Yearbook signature, Class of Long Ago.

Sample message from a classmate written in one of my old yearbooks. Somehow I read platonic well-wishing like this and did not convince myself they were subliminally asking me to ravish them.

I’ve never understood normal men, let alone the broken ones. Let’s get that out of the way up front.

Maybe it’s because I read the right books and lucked into the right role models. Maybe it’s because I didn’t have a sufficiently damaged home life. Maybe I’m lucky that my father wasn’t an active part of my life. Maybe it’s a good thing I never kept too many macho friends for long, or belonged to any particularly masculine cliques. Maybe it’s because I figured out a way for logic and empathy to share harmonic coexistence in my brain. I’m funny that way, maybe.

My first date wasn’t till age 19. My age at the time of you-know-what was years beyond that. In junior high and high school, I never bothered asking any girls out. I knew my odds were slim for a variety of reasons, some but not all of them related to appearance. I wasn’t happy with it. I had my bouts of depression and crushed self-esteem. Eighth grade in particular remains a mental and emotional nadir in my life. I couldn’t figure a way out of it on my own, other than to hope that “This, too, shall pass” would apply to my situation someday before I died.

And yet…for all my dissatisfaction with my lot in life back then, for all my innocuous interactions with the ladies in my young-stupid-male years, none of the following sentences ever popped into my head:

* “That girl was nice to me.
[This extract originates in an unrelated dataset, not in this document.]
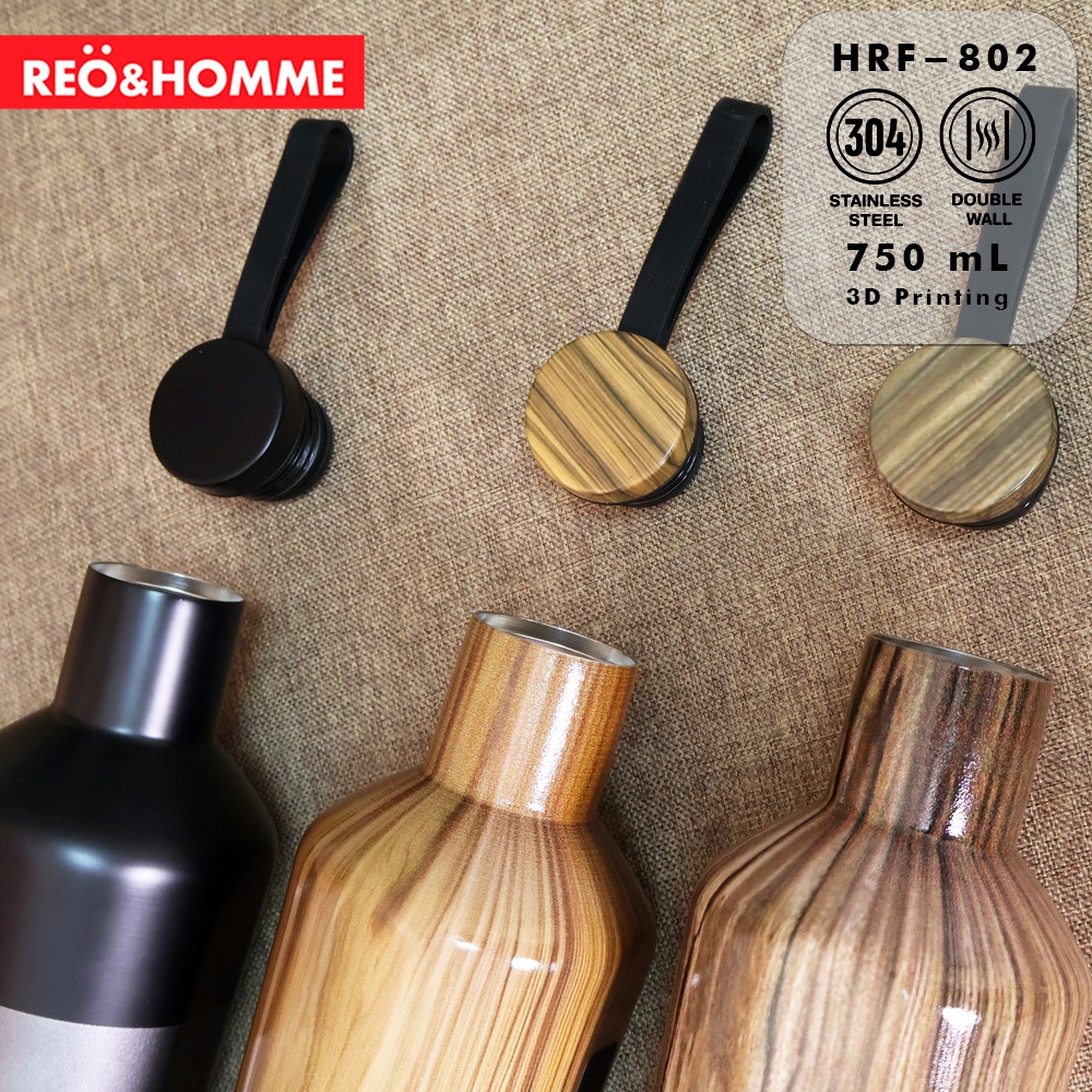 Reo&Homme Botol Minum Pure Stainless SUS 304 750 ML Insulated Tumbler Leakproof Design 3D Printing Motif Kayu HRF-802

I expect sex from her now.”
* “The world owes me a chick.”
* “I know I’m perfect, so it’s clearly not my fault.”
* “Top-40 songs about love and sex are most wise.”
* “Maybe if I insult all women a lot, one will step forward and claim me.”
* “The world owes me a hot chick.”
* “Without sex I’m nothing.”
* “Women love a guy who’s bitter and snarling.”
* “Killing will solve anything.”

…and I’m grateful to the Lord every day that I never adopted anything from this list as my personal catchphrase.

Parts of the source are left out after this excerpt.